I want to relate a memory from long ago. When I was in Kindergarten, before I knew that I had autism, there were unfenced woods on the boundary of the playground at school. It was well known and enforced that kids were not allowed to enter those woods. As a kindergartener, I pushed that boundary. I ventured a little ways into those woods at times, never out of sight of the school. And I got in trouble a few times. This was the same year when I didn’t eat my lunch, as I mentioned in a blog post a few weeks ago. I was told that it was not safe to go into those woods. I was carefree as only a five year old could be.
The start of first grade brought some changes. I started eating my entire lunch and I stayed well away from the woods. At the time, I couldn’t say what had prompted that change. The closest association I could make to how I was able to implement and stick to that change of routine was the simple fact that I was not in Kindergarten anymore. I was now a first grader. In my mixed “Hi-Five” class with both Kindergarteners and first graders, I felt that I had to grow up a little. I felt like I was supposed to be a role model now.

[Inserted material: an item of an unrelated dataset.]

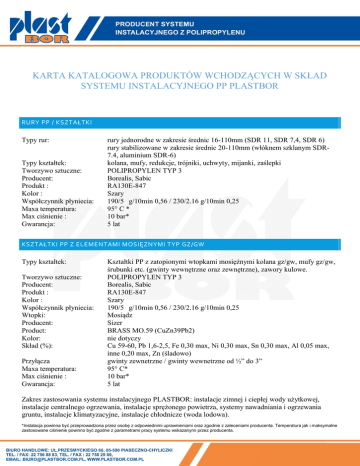 KARTA KATALOGOWA PRODUKTÓW WCHODZĄCYCH W SKŁAD SYSTEMU INSTALACYJNEGO PP PLASTBOR RURY PP / KSZTAŁTKI Typy rur: Typy kształtek: Tworzywo sztuczne: Producent: Produkt : Kolor : Współczynnik płyniecia: Maxa temperatura: Max ciśnienie : Gwarancja: rury jednorodne w zakresie średnic 16-110mm (SDR 11, SDR 7,4, SDR 6) rury stabilizowane w zakresie średnic 20-110mm (włóknem szklanym SDR7.4, aluminium SDR-6) kolana, mufy, redukcje, trójniki, uchwyty, mijanki, zaślepki POLIPROPYLEN TYP 3 Borealis, Sabic RA130E-847 Szary 190/5 g/10min 0,56 / 230/2.16 g/10min 0,25 95° C * 10 bar* 5 lat KSZTAŁTKI PP Z ELEMENTAMI MOSIĘZNYMI TYP GZ/GW Typy kształtek: Tworzywo sztuczne: Producent: Produkt : Kolor : Współczynnik płyniecia: Wtopki: Producent: Product: Kolor: Skład (%): Przyłącza Maxa temperatura: Max ciśnienie : Gwarancja: Kształtki PP z zatopionymi wtopkami mosiężnymi kolana gz/gw, mufy gz/gw, śrubunki etc. (gwinty wewnętrzne oraz zewnętrzne), zawory kulowe. POLIPROPYLEN TYP 3 Borealis, Sabic RA130E-847 Szary 190/5 g/10min 0,56 / 230/2.16 g/10min 0,25 Mosiądz Sizer BRASS MO.59 (CuZn39Pb2) nie dotyczy Cu 59-60, Pb 1,6-2,5, Fe 0,30 max, Ni 0,30 max, Sn 0,30 max, Al 0,05 max, inne 0,20 max, Zn (śladowo) gwinty zewnetrzne / gwinty wewnetrzne od ½” do 3” 95° C* 10 bar* 5 lat Zakres zastosowania systemu instalacyjnego PLASTBOR: instalacje zimnej i ciepłej wody użytkowej, instalacje centralnego ogrzewania, instalacje sprężonego powietrza, systemy nawadniania i ogrzewania gruntu, instalacje klimatyzacyjne, instalacje chłodnicze (woda lodowa). *Instalacja powinna być przeprowadzona przez osobę z odpowiednimi uprawnieniami oraz zgodnie z zaleceniami producenta. Temperatura jak i maksymalne zastosowane ciśnienie powinno być zgodne z parametrami pracy systemu wskazanymi przez producenta.

Many parents may want their children to change, to gain acceptable behaviors, to fulfill their responsibilities, and to learn how to function in this world. I am suggesting that a change can come from sources that no parent can anticipate. Such as simply entering first grade like the example I just gave. There comes a time, when a child who has autism recognizes that there needs to be a change in behavior. Once that happens, the change can be sudden to parents, but to the child with autism, it is the end result of an internal process. No matter how many tantrums there might be, or how many tense evenings pass by, never lose hope. Your child with autism is changing in his or her own way. You just can’t see it yet.